Solving Systems Of Equations A Coin Problem With Quarters And Dimes
This article delves into a classic mathematical problem involving a collection of coins, specifically quarters and dimes. We will explore how to set up and solve a system of equations to determine the quantity of each type of coin. This type of problem is not only a great exercise in algebra but also has practical applications in everyday scenarios involving money and finances. Let's dive into the fascinating world of coin combinations and mathematical problem-solving.

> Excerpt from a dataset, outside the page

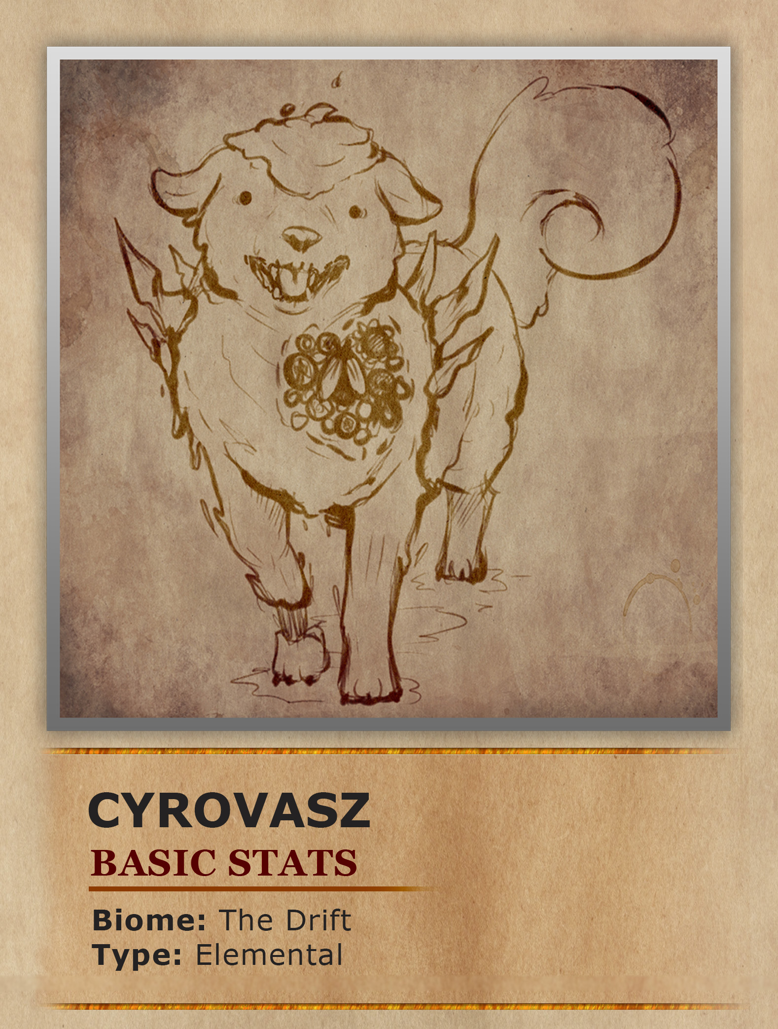 Cyrovasz are large bulky elemental canines native to the Twilite Drifts Winter court. Their affinity for cold magic allows them to lower and raise their bodies temperature at will. Which comes in handy when your body is made entirely out of snow and ice. This power also enables them to create temperatures so cold they are able to freeze enemies solid. Even those considered under normal circumstances immune to the colder elements. The fey of the winter court consider Cyrovasz both powerful guardians and a status symbol for nobility. The status of a Cyrovasz is made clear by the medals adorned on their fur. The more medals present the older and more ancient the beast is. Although quite powerful the Cyrovasz are loyal creatures and feel bound to serve the owners of whatever land they are born into. This loyalty can also extend to smaller fae-folk such as Patchfoots, acting as guardians to their cities or joining them on hunting trips when needed.

Setting Up the System of Equations
In this coin problem, understanding the fundamental concepts of system of equations is very important. The core of solving problems like this lies in translating the given information into mathematical equations. Kat has a total of 19 coins, which are a mix of quarters and dimes. We can represent the number of quarters with the variable q and the number of dimes with the variable d. The first piece of information tells us that the sum of the quarters and dimes is 19. This translates directly into our first equation:
q + d = 19
This equation represents the total number of coins. Now, we need to consider the value of the coins. Each quarter is worth $0.25, and each dime is worth $0.10. Kat's coins have a total value of $4. This information leads to our second equation:
0.25q + 0.10d = 4
This equation represents the total value of the coins. We now have a system of two equations with two variables:
q + d = 19
0. 25q + 0.10d = 4
This system of equations is the key to solving the problem. It encapsulates all the information provided and allows us to use algebraic techniques to find the values of q and d. The next step involves choosing a method to solve this system, such as substitution or elimination. Understanding how these equations represent the real-world scenario is crucial for setting up similar problems in the future. This initial setup is often the most challenging part, but with practice, it becomes more intuitive. Remember, the goal is to translate the words into mathematical expressions that accurately reflect the given information. The beauty of algebra lies in its ability to represent complex situations in a concise and manageable form.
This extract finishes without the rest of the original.